*What the task requires*: Word for word, quote the lines from the one containing "work or play." to the end of the entries below, including both. Leave pictures out.

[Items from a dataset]

════

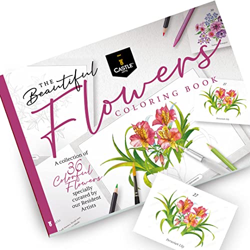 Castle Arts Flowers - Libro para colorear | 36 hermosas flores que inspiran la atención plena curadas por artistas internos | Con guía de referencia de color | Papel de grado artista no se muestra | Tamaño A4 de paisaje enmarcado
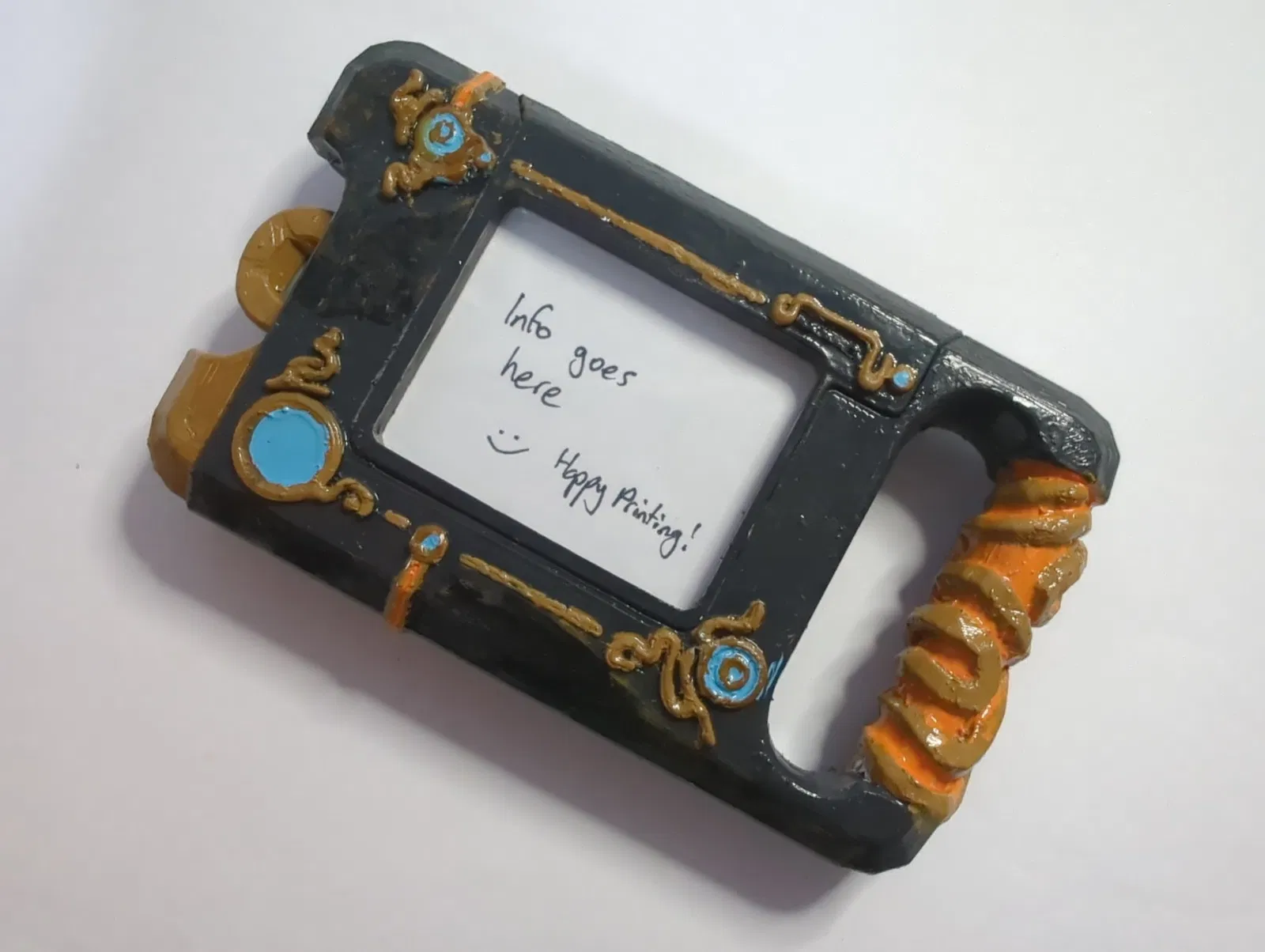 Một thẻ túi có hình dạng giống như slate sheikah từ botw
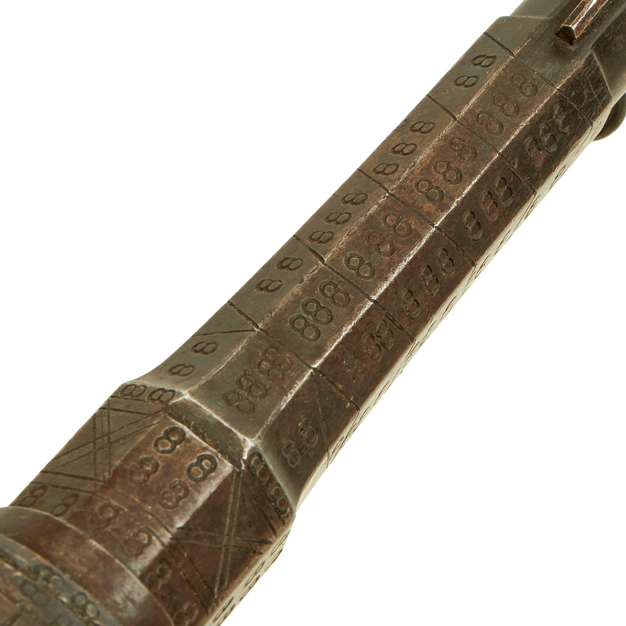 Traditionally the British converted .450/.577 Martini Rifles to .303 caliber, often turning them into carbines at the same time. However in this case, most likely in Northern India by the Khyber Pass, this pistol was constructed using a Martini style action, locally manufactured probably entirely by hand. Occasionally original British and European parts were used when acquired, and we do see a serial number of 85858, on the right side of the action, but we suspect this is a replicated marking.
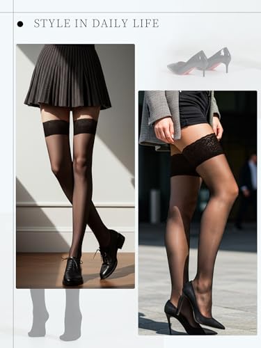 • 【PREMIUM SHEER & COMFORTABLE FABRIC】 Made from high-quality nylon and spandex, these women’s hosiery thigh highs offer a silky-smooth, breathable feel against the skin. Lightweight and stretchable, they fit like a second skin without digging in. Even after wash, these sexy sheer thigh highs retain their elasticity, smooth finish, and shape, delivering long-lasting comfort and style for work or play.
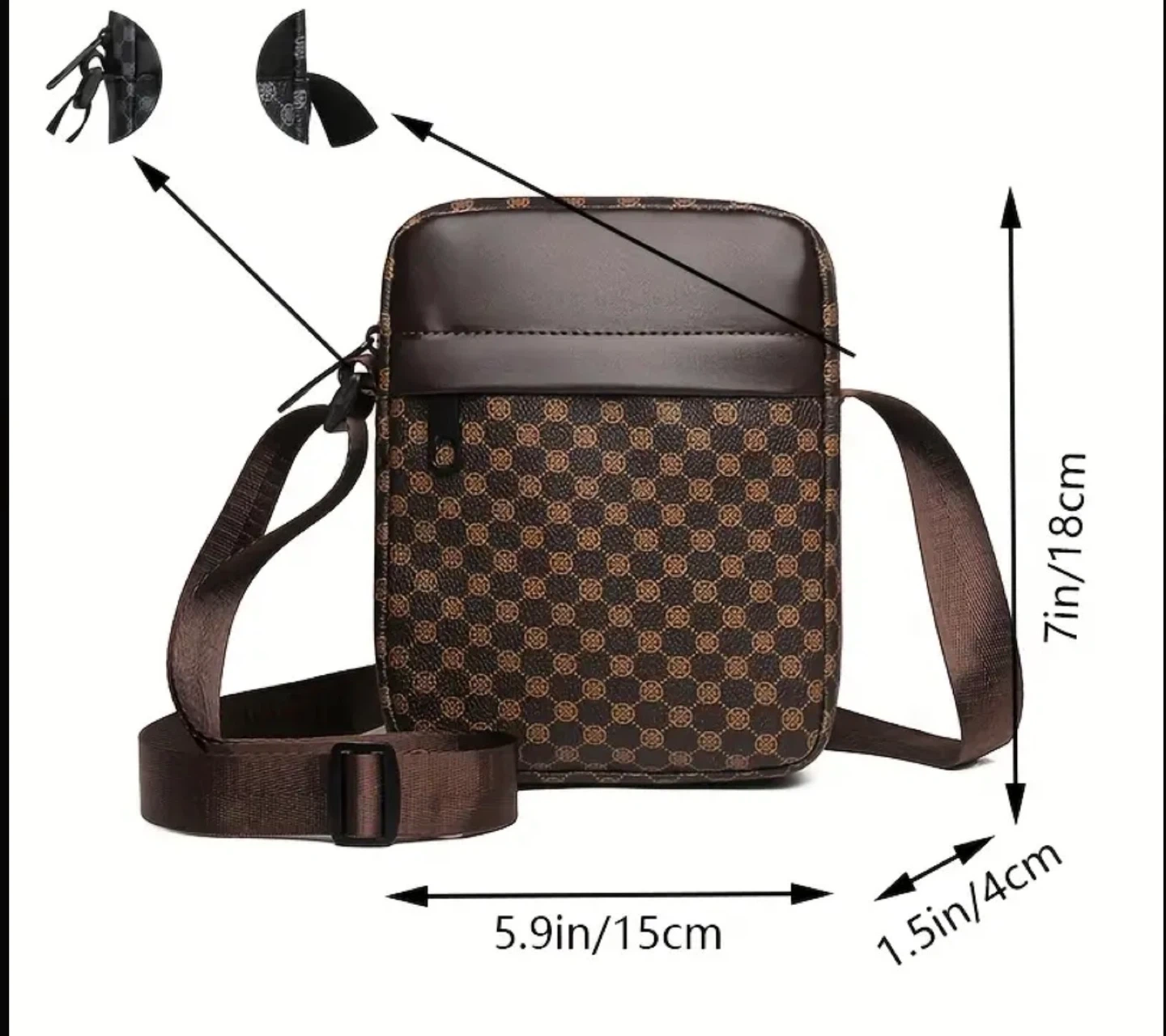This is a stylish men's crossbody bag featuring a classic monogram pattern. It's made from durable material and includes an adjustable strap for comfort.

════

*Expected answer*:
 • 【PREMIUM SHEER & COMFORTABLE FABRIC】 Made from high-quality nylon and spandex, these women’s hosiery thigh highs offer a silky-smooth, breathable feel against the skin. Lightweight and stretchable, they fit like a second skin without digging in. Even after wash, these sexy sheer thigh highs retain their elasticity, smooth finish, and shape, delivering long-lasting comfort and style for work or play.
This is a stylish men's crossbody bag featuring a classic monogram pattern. It's made from durable material and includes an adjustable strap for comfort.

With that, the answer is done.